This notebook provides an introduction to basic qualitative data analysis in Python, building on earlier notebooks in syntax and data handling. It demonstrates how to process and analyze text data using Python, including searching, filtering, and counting occurrences within text. Parts of this notebook were inspired by or adapted from the Python Humanities textbook, available at [python-textbook.pythonhumanities.com](python-textbook.pythonhumanities.com).

## 1. Plot Data with `pandas`

`pandas` makes it easy to create quick and simple visualizations directly from a DataFrame using the `.plot()` method. This is especially useful for exploring your data before doing more complex analyses or creating polished plots with other libraries such as `matplotlib`. 

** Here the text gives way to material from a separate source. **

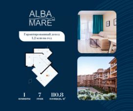 Продаются апартаменты в построенном комплексе. Срок сдачи 4 квартал 2024 года. Альба Дель Маре это комплекс апартаментов бизнес-класса с развитой инфраструктурой. Уютные здания переменной этажности строятся в 5 минутах ходьбы (385 метров) от одного из лучших пляжей Евпатории "Супер Аква Бич". Широкая береговая линия, места для активного отдыха и зоны релакса позволят насладиться отдыхом на любой вкус. Архитектурное решение комплекса создает истинное ощущение Средиземноморья и присутствия на дорогом курорте: скатные черепичные крыши, козырьки и навесы-перголы, арочные завершения проемов, цветовая палитра отделки и фасадов, где используются оттенки желтого, охры, терракоты и бежевого. Переменная этажность здания формирует камерность проекта, создавая прекрасные видовые характеристики для каждого апартамента. Просторные террасы с видом на море, патио с собственным выходом к бассейну на первых этажах комплекса, детская и спортивная площадки, ландшафтный дизайн здесь все создано для роскошного отдыха и расслабления. Территория комплекса апартаментов закрыта и находится под круглосуточным видеонаблюдением, что позволит резидентам и гостям чувствовать безопасность проживания. Концепция комплекса: комфорт проживания с первых дней заселения. Реализация апартаментов осуществляется с полной отделкой под ключ. Собственники апартаментов имеют возможность поручить управление недвижимостью профессиональному оператору, что позволит получать стабильный доход. Автономная газовая котельная позволит не зависеть от внешних отключений отопления., парковочные места на закрытой территории комплекса обеспечат безопасность вашему автомобилю, система центрального кондиционирования создаст комфортную температуру в каждом номере. Жилой комплекс реализуется в соответствии с 214 ФЗ.

Here are three example plots created using `pandas`:

In [None]:
!pip install pandas
import pandas as pd

In [None]:
# The original Titanic dataset includes only 'male' and 'female' as gender categories.
# For demonstration purposes, we'll change the first 3 entries to 'diverse'. This also shows how indexing and assignment work in pandas.
Titanic = pd.read_csv("../Data/Titanic-Dataset.csv")
Titanic.loc[0:2, 'Sex'] = 'diverse'  # Change rows with index 0, 1, and 2

1. A bar chart showing the number of male and female passengers:

In [None]:
Titanic['Sex'].value_counts().plot.bar(title="Title") # Bar plot

2. A pie chart showing the proportion of passengers in each travel class:

In [None]:
Titanic['Pclass'].value_counts().plot.pie() # Pie plot

3. A scatter plot to explore the relationship between the age and fare of passengers, colored by travel class.

In [None]:
Titanic.plot.scatter(x="Age", y="Fare", c="Pclass", cmap="viridis") # Scatter plot

Now, let’s try this again by first converting Pclass into a `pandas` categorical type:

In [None]:
Titanic['Pclass'] = Titanic.Pclass.astype('category')
Titanic.plot.scatter(x="Age", y="Fare", c="Pclass", cmap="viridis")

## 2. Manual Text Analysis and Pattern Matching with `re` (Regex)

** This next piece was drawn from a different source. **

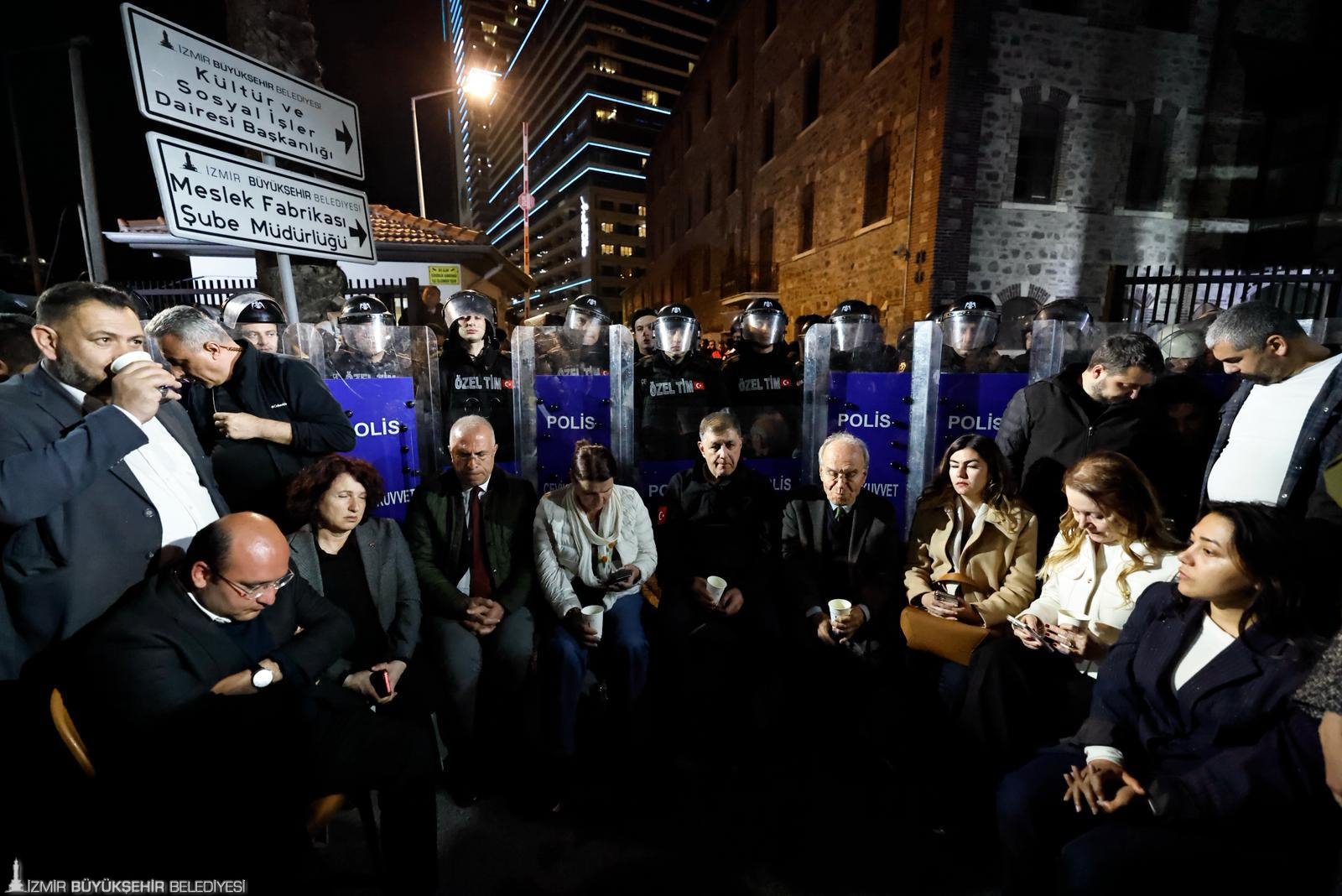 Açıklamanın ardından Başkan Cemil Tugay Meslek Fabrikası’ndaki polis barikatının önünde oturarak nöbet başlattı. Belediye başkanları, milletvekilleri, meclis üyeleri ve siyaset dünyasının bir çok önemli ismiyle birlikte vatandaşlar Başkan Tugay’ı yalnız bırakmadı.

Before using complex tools, we often start with manual coding - spotting phrases, concepts, or features manually or with simple string rules. This can be automated using Python’s built-in regular expressions module, `re`.

For example, **to extract dates:**

In [None]:
import re
text = "The meeting happened on 12 March, 5 April, and 23 December."
matches = re.findall(r"\b\d{1,2} [A-Z][a-z]+", text)
print(matches)

- `\b` word boundary, ensures we start at the beginning of a word
- `\d{1,2}` matches 1 or 2 digit day numbers
- `[A-Z][a-z]+` matches any capitalized month name (or word), flexible for months

Limitation: It is not realistically possible to match all date formats with a single regular expression because dates can appear in a huge variety of formats.

### **Exercise 1:** 

What happens if you enter a typo to one of the month names?

**To extract emails:**

In [None]:
text = "Please contact us at info@example.com or support@service.org for assistance."
emails = re.findall(r"[a-zA-Z0-9._%+-]+@[a-zA-Z0-9.-]+\.[a-zA-Z]{2,}", text)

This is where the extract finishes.